Well, the “John Does” are not deep-pocketed businesses, but file against enough of them and you are doing pretty well at creating a virtual deep-pocket of income.

“…to advance special interests and hidden agendas.” Boy if that doesn’t hit close to home (or Troll Hole)… The agenda of the Copyright Trolls is to make as much money from settling with alleged illegal downloaders, not to determine true culpability. Make no mistake that pure profit guides this effort. If they would actually take the time to try to determine if the owner of the IP address is responsible for the downloading/sharing, the Troll profit margin drops pretty fast. Anyone have an idea of how much computer forensic analysis of a single system would run??? One Web site gives a general forensic examination estimate of 5-35 hours at variable rate of $125 – $175. OK, estimate a minimum of $600, to over $6,000. How many systems do you have in your household? Many homes have a couple – multiply the examination cost even more. Let’s not forget the possible analysis of the network modem and other network equipment (firewall/routers, switches, hubs, etc.). Depending on the situation, these could be central to culpability. If the analysis fails to disclose the file or indication that the file resided on the system, the Trolls are really risking their bottom line (profit). The burden of proof may be lower is a civil proceeding, but you are still presumed to be innocent unless proven otherwise — Burden of proof is still on the Trolls. And let’s not forget who is doing this specialized analysis… Employees of the trolls — do we see a vested interest in this???? And what is the training and certifications for those who are doing this analysis? Having a computer science degree does not necessarily give you training or experience in investigations, objectivity, evidence collection, and computer forensic analysis. If person(s) working for the Trolls to collect the IP addresses are not certified computer forensic examiner or at least a trained investigator, the flood gates of questions can be raised as to their ability, competency, and impartiality to accurately perform such activities.

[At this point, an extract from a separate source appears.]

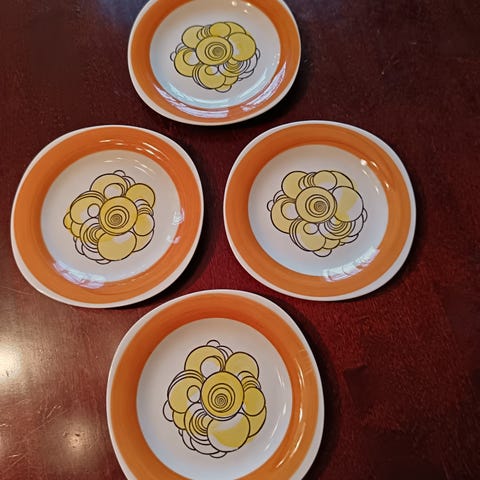 Ehyet ja hyvässä kunnossa olevat tarjoilulautaset/leipälautaset x seitsemän (7) kpl. Halk. 17 cm. Laatuposliinia.

“faulty scientific data and analysis”. Another area in which the Trolls excel in. First problem is the method the Trolls use to collect the offending IP addresses. It may be as simple as having someone sit in front of a Torrent client and write down the sharing IP addresses. The fact is we do not know and cannot examine the method independently. One of the Trolls is claiming that they spent over $250K in developing special software to collect offender IP addresses. The Troll makes the claim that the software is flawless. I know, stop laughing and read on. OK, so how many of you think all the money Microsoft spent on developing Windows prevented mistakes and vulnerabilities in the software? Who knows, maybe the software is simple and works as claimed. You of course need to have an independent party test out the method and software repeatedly to truly determine this. This will likely never happen, as it isn’t in the business plan of the Trolls. It costs more money and the risk of a negative finding isn’t worth jeopardizing their income.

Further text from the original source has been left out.